2.) Padding works if modification is done in-place, even without any return value:

def pad_with(vector, pad_width, iaxis, kwargs):
    pad_value = kwargs.get('padder', 10)
    vector[:pad_width[0]] = pad_value
    vector[-pad_width[1]:] = pad_value
    return
a = np.arange(6)
a = a.reshape((2, 3))
np.pad(a, 2, pad_with)

Out:
array([[10, 10, 10, 10, 10, 10, 10],
[10, 10, 10, 10, 10, 10, 10],
[10, 10, 0, 1, 2, 10, 10],
[10, 10, 3, 4, 5, 10, 10],
[10, 10, 10, 10, 10, 10, 10],
[10, 10, 10, 10, 10, 10, 10]])

mattip · 2019-03-19T07:44:41Z

LGTM, the docstring check passes so it seems the documentation fix is correct. Is there a reason the design is to modify the vector in-place? Is it more efficient that way? Perhaps the docstring could hint at the motivation for the (in my opinion) non-standard design.

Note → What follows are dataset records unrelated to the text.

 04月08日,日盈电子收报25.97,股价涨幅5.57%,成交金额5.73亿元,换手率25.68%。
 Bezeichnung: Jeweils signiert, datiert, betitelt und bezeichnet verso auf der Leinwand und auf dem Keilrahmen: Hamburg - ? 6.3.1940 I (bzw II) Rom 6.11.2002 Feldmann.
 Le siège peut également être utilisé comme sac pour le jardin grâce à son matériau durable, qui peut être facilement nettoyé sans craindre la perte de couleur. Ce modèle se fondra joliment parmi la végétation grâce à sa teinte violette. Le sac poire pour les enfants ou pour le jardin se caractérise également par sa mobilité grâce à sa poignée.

grlee77 · 2019-03-19T16:03:04Z

Is there a reason the design is to modify the vector in-place?

I am not entirely sure if that is intentional, but the relevant usage of the provided function occurs with apply_along_axis:

numpy/numpy/lib/arraypad.py

Lines 1223 to 1236 in 17b31fd

    
           newmat = np.zeros(new_shape, narray.dtype) 
        
           # Insert the original array into the padded array 
        
           newmat[offset_slices] = narray 
        
           # This is the core of pad ... 
        
           for iaxis in rank: 
        
               np.apply_along_axis(function, 
        
                                   iaxis, 
        
                                   newmat, 
        
                                   pad_width[iaxis], 
        
                                   iaxis, 
        
                                   kwargs) 
        
           return newmat

In that section of code, the output of apply_along_axis is never assigned, so it must be relying on in-place modification of newmat. I assume this is for reason of efficiency, but am not sure. That section of code does not seem to have been modified in years.

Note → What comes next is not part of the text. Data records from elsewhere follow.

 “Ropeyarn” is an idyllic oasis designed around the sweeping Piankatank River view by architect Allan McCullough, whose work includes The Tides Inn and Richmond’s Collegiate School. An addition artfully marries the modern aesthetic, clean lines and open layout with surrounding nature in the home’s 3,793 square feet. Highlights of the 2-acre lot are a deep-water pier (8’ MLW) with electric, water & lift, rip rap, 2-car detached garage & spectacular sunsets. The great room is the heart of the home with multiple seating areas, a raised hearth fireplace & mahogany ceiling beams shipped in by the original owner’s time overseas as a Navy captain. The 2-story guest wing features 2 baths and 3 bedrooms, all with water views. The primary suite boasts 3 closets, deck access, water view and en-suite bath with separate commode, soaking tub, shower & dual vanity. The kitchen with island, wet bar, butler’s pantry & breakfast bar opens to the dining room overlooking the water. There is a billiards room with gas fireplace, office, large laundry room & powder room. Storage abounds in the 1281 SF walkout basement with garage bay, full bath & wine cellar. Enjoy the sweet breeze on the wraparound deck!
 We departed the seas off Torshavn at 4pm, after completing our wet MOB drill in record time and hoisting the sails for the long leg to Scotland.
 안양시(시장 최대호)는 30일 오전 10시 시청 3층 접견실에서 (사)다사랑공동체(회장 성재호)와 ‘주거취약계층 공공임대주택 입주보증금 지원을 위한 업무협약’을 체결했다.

I guess now the question is whether to regard this as an error in documentation or as a bug in np.pad. I think if the output of np.apply_along_axis were assigned back to newmat within the loop above then perhaps the existing docstring could be left as-is.

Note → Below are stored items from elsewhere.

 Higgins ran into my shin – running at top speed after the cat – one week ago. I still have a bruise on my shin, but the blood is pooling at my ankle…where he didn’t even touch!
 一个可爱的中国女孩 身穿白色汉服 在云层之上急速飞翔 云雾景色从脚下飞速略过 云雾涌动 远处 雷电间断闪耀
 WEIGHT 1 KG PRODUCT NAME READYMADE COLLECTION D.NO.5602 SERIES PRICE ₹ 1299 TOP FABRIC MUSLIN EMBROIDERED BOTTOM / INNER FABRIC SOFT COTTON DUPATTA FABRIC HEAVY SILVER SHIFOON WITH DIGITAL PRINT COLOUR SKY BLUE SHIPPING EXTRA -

I came across the issue when working on PyWavelets/pywt#478. I was surprised to find that it was necessary to avoid an internal copy, which made me suspect that the return value was not being used.

grlee77 · 2019-03-19T16:08:27Z

I started looking at np.apply_along_axis and it seems that it is still going to be allocating a new output array, even if it is never being used. In that case, I am not sure there is any benefit to relying on it doing the modification in-place.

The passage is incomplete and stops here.